Now we look at the first row of the table (corresponding to 1 degree of freedom), and look down the 0.05 column. The value in the table is 3.8414. Comparing that to the 0.7 that we calculated, we see that our value is smaller than the value in the table. This means that the differences between observed and expected were relatively small -- so small, that it could have happened by chance (due to sampling variation) more than 5% of the time.

When something could occur by sampling variation more than 5% of the time, we call that "non-significant" and don't trust it, since there is a significant chance (5%) that it occurred solely because of the luck of the draw: a weird sample. Hence, it makes no sense to try to interpret it as a real difference in satisfaction between men and women.
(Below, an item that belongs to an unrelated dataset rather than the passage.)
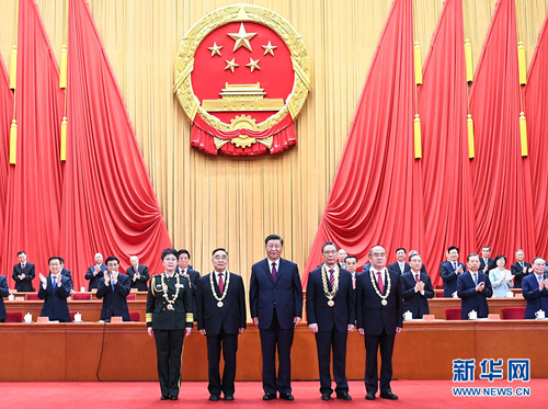 9月8日,全国抗击新冠肺炎疫情表彰大会在北京人民大会堂隆重举行。中共中央总书记、国家主席、中央军委主席习近平向“共和国勋章”获得者钟南山(前排右二),“人民英雄”国家荣誉称号获得者张伯礼(前排左二)、张定宇(前排右一)、陈薇(前排左一)颁授勋章奖章。 新华社记者 谢环驰 摄

In fact, in this case, the 0.7 is smaller than the chi-square value in the "0.100" column as well, indicating that the difference we observed are likely to occur in more than 10% of samples drawn from a population in which there is actually no difference between males and females in satisfaction.

So we conclude that we cannot reject the null hypothesis of indepenence (no difference between sexes). In other words, the difference in percentages between males and females is so small that there might not be any difference in the population: it might easily have been a fluke of our sample.

Now suppose the chisquare value that we had computed from our data had been somewhat larger -- say, 7.9. Looking along the first row of the table, we see that it is just larger than the value under the "0.005" column. That means that such a large result would only occur by chance in one half of one percent of samples. In other words, it is really unlikely to have happened by chance, so in that case we would be willing to believe that there really is a difference between men and women in the population.